TeXP is a pipeline to evaluate the transcription level of transposable elements in short read RNA-seq data
TeXP is a pipeline for quantifying abundances of Transposable Elements transcripts from RNA-Seq data. TeXP is based on the assumption that RNA-seq reads overlapping Transposable Elements is a composition of pervasive transcription signal and autonomous transcription of Transposable Elements.

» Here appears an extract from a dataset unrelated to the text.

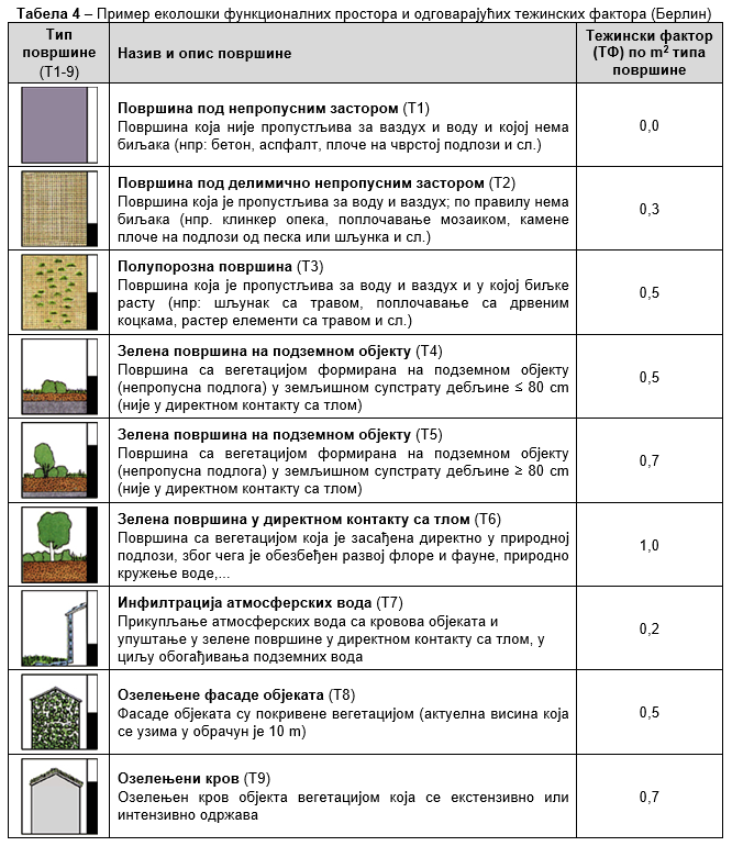 - Zelene površine u direktnom kontaktu sa tlom (težinski faktor 1);

https://www.biorxiv.org/content/10.1101/648667v1.full
docker run -it fnavarro/texp:latest /bin/bash
Download a fastq file from a RNA-seq experiment, for example, MCF-7 from the ENCODE project
wget -c -t0 "https://www.encodeproject.org/files/ENCFF000HFF/@@download/ENCFF000HFF.fastq.gz" -O file.fastq.gz
Run TeXP
./TeXP.sh -f file.fastq.gz -t 1 -o process/example/ -n quick_texp_run
The output files will be generated at:
ls process/example/quick_texp_run
*.L1HS_hg38.count (Naive counts)
*.L1HS_hg38.count.corrected (Corrected counts)
*.L1HS_hg38.count.rpkm (Naive RPKM)
*.L1HS_hg38.count.rpkm.corrected (Corrected RPKM)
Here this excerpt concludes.